Ни Михаил VIII, ни Иоанн V не придавали большого значения вопросам богословия. Для них обоих политические преимущества унии превалировали над всем остальным. Что же касается богословов, то для них проблема унии была гораздо сложнее. С очень древних времен восточное и западное христианство все более расходились в вопросах богословия и службы, церковной теории и практики. Главной же богословской догмой, разделявшей их, был вопрос об исхождении Святого Духа — прибавлении римской церковью к Символу Веры слова filioque[17]. Были и другие, менее значительные расхождения. Принятая незадолго перед этим доктрина о Божественной энергии была неприемлема для Запада; западный же догмат о чистилище казался Востоку слишком вольным. В области церковной службы главный пункт расхождений заключался в том, должен ли хлеб для причастия быть замешенным на дрожжах или нет. Для Востока западная традиция употреблять пресный хлеб казалась обрядом иудаистским, оскорбительным для Святого Духа, который символизировали дрожжи. Подобное же неуважение Запад демонстрировал и своим отказом признать «Эпиклесис» — обращение к Святому Духу, без чего, как полагали на Востоке, хлеб и вино нельзя считать достаточно освященными. Различные точки зрения были и на то, причащать ли мирян обоими видами причастия, и по вопросу о браке белого духовенства.

Но наиболее существенными были разногласия по вопросам устройства церкви. Обладает ли римский епископ лишь приоритетом чести, или он пользуется абсолютным главенством в церковной иерархии? Византийская традиция исходила из существовавшего с незапамятных времен правила о священном равенстве епископов; никто из них, даже преемник святого Петра, не имел права навязывать свою доктрину, каким бы уважением ни пользовались его взгляды[18]. Право провозглашения доктрин имеет только Вселенский собор, где, как в праздник Пятидесятницы, присутствуют все епископы; только тогда Святой Дух нисходит, чтобы просветить их.
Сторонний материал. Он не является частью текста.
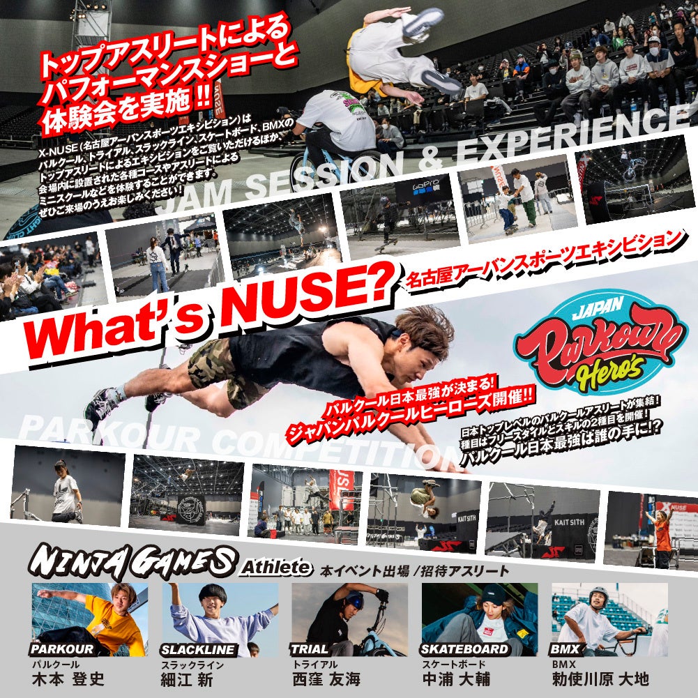 NUSE、NINJA GAMES SHOW、アーバンスポーツ体験会、ジャパンパルクールヒーローズ

Римское прибавление к Символу Веры шокировало Восток не только в богословском плане, но еще и потому, что это было односторонним изменением формулы, освященной Вселенским собором. Не могла восточная церковь признать также административную и дисциплинарную власть Рима, полагая, что такой властью обладают все пять патриархов, из которых папа римский считался старшим, но не верховным главой. Византийцы были весьма привержены к обрядам и правилам церковной службы, тем не менее их церковная доктрина об Экономии, рекомендовавшая обходить мелкие разногласия в интересах сохранения порядка в Доме Божием, разрешала им проявлять известную гибкость. Римская же церковь по самой сути своей не могла идти на какие-либо уступки[19].